В ответ на клеветническую радиопередачу так называемой «Немецкой волны» я написал «Открытое письмо» и передал его в Агентство печати «Новости». По причинам, мне неизвестным, оно опубликовано не было. В других публикациях буржуазной печати речь шла не о книге, а о стенограмме обсуждения в Институте марксизма-ленинизма.
Свои ответы я принес Сдобнову 24 мая. Он внимательно прочел, никак не комментируя. Затем, уже прощаясь, предупредил меня, что беседы будут продолжены. Я пожал плечами...

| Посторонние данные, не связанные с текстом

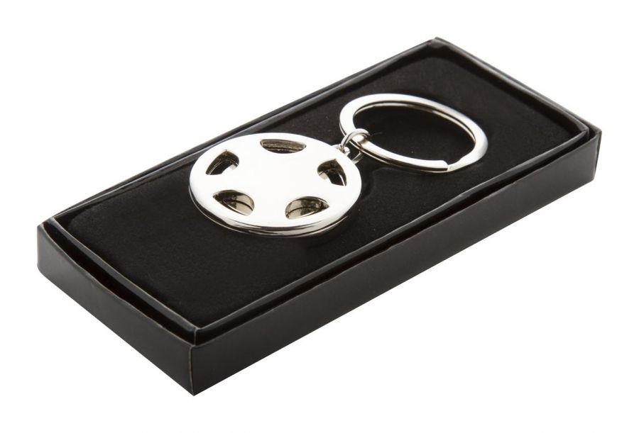Brelok o kształcie felgi samochodowej w czarnym opakowaniu prezentowym.

Во время бесед следователи очень нервно реагировали на те приводимые мною факты, которые, очевидно, не укладывались в заранее составленную ими схему сценария. Например, все, что я говорил об искусственной шумихе, созданной вокруг моей книги председателем Комитета по печати Михайловым, его сотрудниками Маховым и Фомичевым, яростно опровергалось, мое возмущение выступлением на идеологическом совещании секретаря по пропаганде ЦК Грузии Стуруа разбивалось о стену деланного равнодушия.
Я спросил Сдобнова, чем вызваны эти беседы, почему в Комитете партийного контроля обсуждаются вопросы научного характера. На это я получил ответ, что по указанию руководства проводится расследование всего комплекса, связанного с книгой «1941, 22 июня», а именно — книга, ее обсуждение, зарубежные отклики, проникновение информации за границу.

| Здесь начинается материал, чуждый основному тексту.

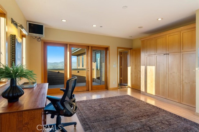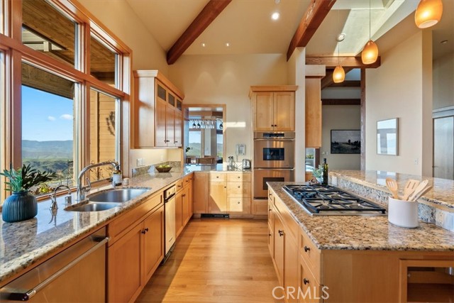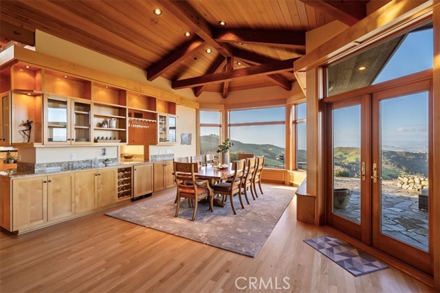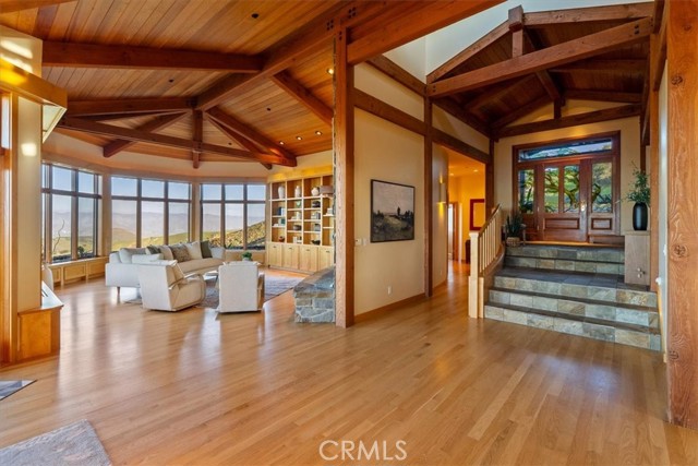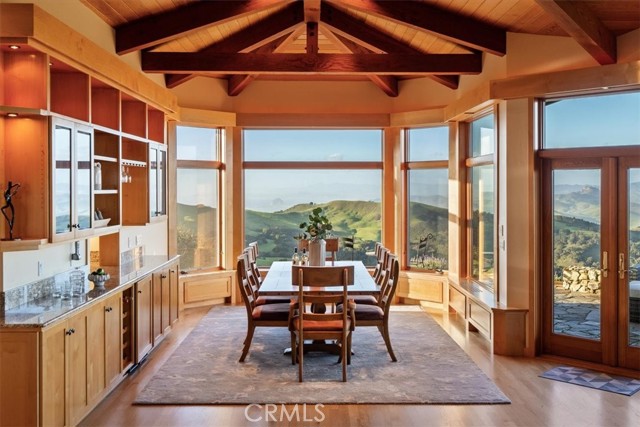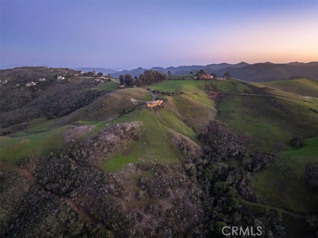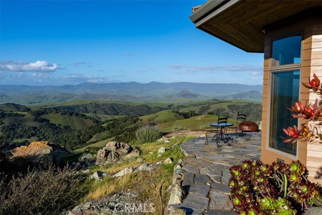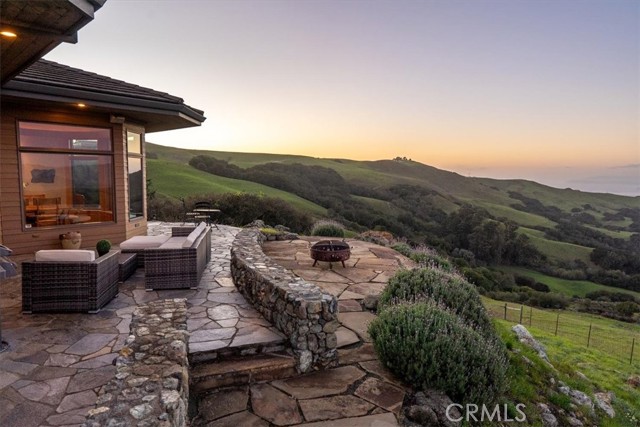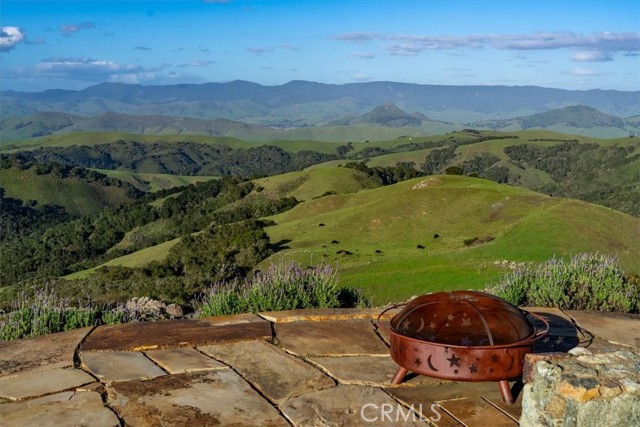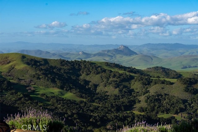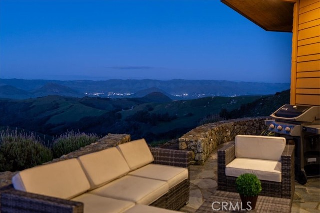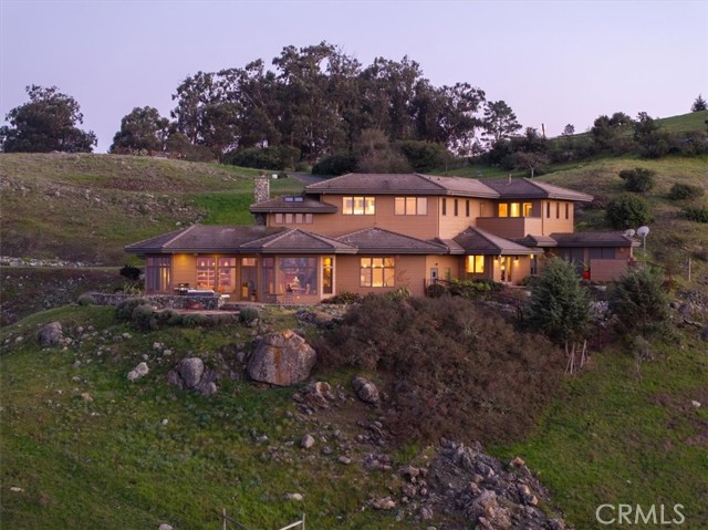 Set high above the landscape in Prefumo Canyon, this extraordinary 56± acre private estate offers commanding, unobstructed views of the Pacific Ocean, Morro Rock, the Seven Sisters, Irish Hills, and the city lights of San Luis Obispo—one of the Central Coast’s most iconic vantage points. Despite its peaceful seclusion, the property is located approximately 5.5 miles from downtown San Luis Obispo, about 20 minutes to Avila Beach, and within easy reach of Morro Bay, Montaña de Oro State Park, wineries, shopping, schools, and the regional airport. The custom-built main residence (2004) is thoughtfully designed to embrace its setting, featuring vaulted tongue-and-groove cedar ceilings, walls of glass, skylights, and seamless indoor-outdoor flow. The flexible floor plan includes four bedrooms, three bathrooms, a media room, office, and bonus room or optional fifth bedroom, all arranged to maximize privacy and views. The great room is anchored by a sculptural serpentine stone wall built from on-site stone, a gas fireplace, wraparound windows, and French doors opening to panoramic patios. The kitchen and dining areas offer vaulted beam ceilings, a generous center island, expansive picture windows, and direct access to outdoor entertaining spaces. The main-level primary suite, privately positioned in its own wing, features exposed beam ceilings, patio access, and a spa-inspired bath with a travertine steam shower and soaking tub oriented toward the horizon. A detached cabin, fully separated from the main residence, provides a full kitchen, bedroom, bathroom, living and dining areas, laundry, and dedicated storage/workshop space—ideal for guests, extended stays, or multigenerational living. The land invites exploration with private hiking, abundant wildlife, and ever-changing natural scenery. The property is extensively engineered for comfort and resilience, offering multiple water sources, filtration and storage systems, owned solar with battery backup, a propane-powered generator, fire-resistant construction, and infrastructure designed for reliable year-round living.

— Так что это — персональное дело? — напрямик спросил я Сдобнова.
— Вопрос еще не решен, — уклончиво ответил он.
Мои письменные ответы и послужили главным обвинительным материалом против меня самого. Поняв это, я понял и то, какое важное значение имеет американское процедурное правило, позволяющее подследственному не отвечать на поставленные вопросы, если ответы на них могут причинить ему вред. Но «социалистическая демократия» очень далека от элементарного понимания защиты индивидуальных прав...
Спустя месяц, 24 июня, меня вновь вызвали в Комитет партийного контроля. Было это спустя несколько дней после «шестидневной войны», и накал антисемитизма еще не прошел...

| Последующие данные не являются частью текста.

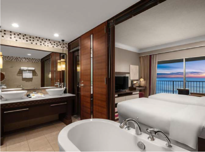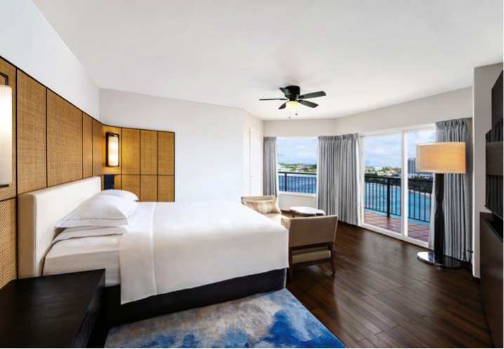 Surrounded by the crystal-clear waters of Guam, this spectacular, wing-shaped deluxe resort hotel is nestled between Tumon Bay and Gun Beach. All 470 spacious luxury hotel rooms and suites offer private balconies and ocean views, complemented by the beautiful sunsets and breathtaking views of the Pacific. Modern conveniences include complimentary Wi-Fi and cable TV.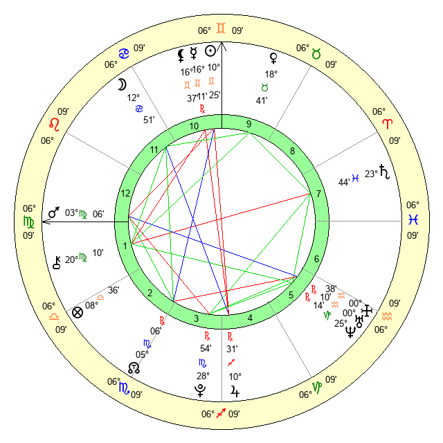 | Mars | 3 Virgo 5 | 21 Leo 16 | 18 Virgo 34 |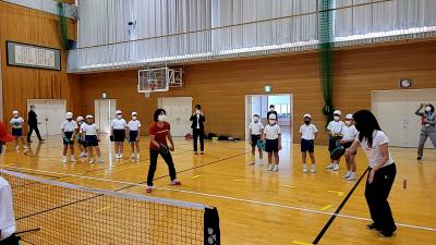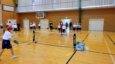 4月18日(月)能登和倉国際女子オープンテニスの関連行事として、小丸山小学校の5年生が「テニピン」を体験しました。講師には、元プロ選手の佐藤直子さんが来てくださいました。テニピンとは、易しさを追求して、用具とルールをアレンジしたテニス型ゲームです。ボールの打ち方を教わった後、ゲーム形式で楽しみました。また、一般財団法人 服部真二文化・スポーツ財団様からセイコースポーツカウンターを頂きました。

На этот раз со мной беседовали уже три партийных контролера. На помощь первым двум был призван сотрудник сектора печати некто Сеничкин. На этот раз мы не остались в кабинете Сдобнова, а молча прошли по длинному коридору и поднялись на третий этаж. На моем лице, видно, отразилось недоумение, куда же меня ведут, потому что Гладнев спросил меня: «Вам сказали, куда мы идем?» Я отрицательно помотал головой. «Мы идем к товарищу Мельникову, члену КПК», — вполголоса сказал мне Гладнев. Я кивнул головой. Это имя мне ничего не говорило. Вскоре мы очутились в просторном кабинете. Хозяин его, высокий грузный мужчина лет шестидесяти, поднялся нам навстречу, протянул широкую ладонь и пригласил садиться. Мы сели: Мельников во главе стола, по левую руку от него трое следователей, по правую я. Поглядывая на меня своими большими, пожалуй, черными глазами, член Комитета Роман Ефимович Мельников сказал, что Комитет остался неудовлетворен моими ответами, и в среду 28 июня мой вопрос будет обсуждаться на заседании Комитета под председательством Пельше. Пельше был членом Политбюро и председателем Комитета партийного контроля при ЦК КПСС. Видно, моему делу придавали особенное значение, если решили вынести его на такое высокое собрание. Мельников предложил Сдобнову зачесть ту часть подготовленного к заседанию документа, который касался меня. Итак, я приглашен для предварительного ознакомления с обвинительным заключением! Я взял карандаш и приготовился было делать заметки, но тут же сообразил, что больше запомню, если внимательно буду слушать.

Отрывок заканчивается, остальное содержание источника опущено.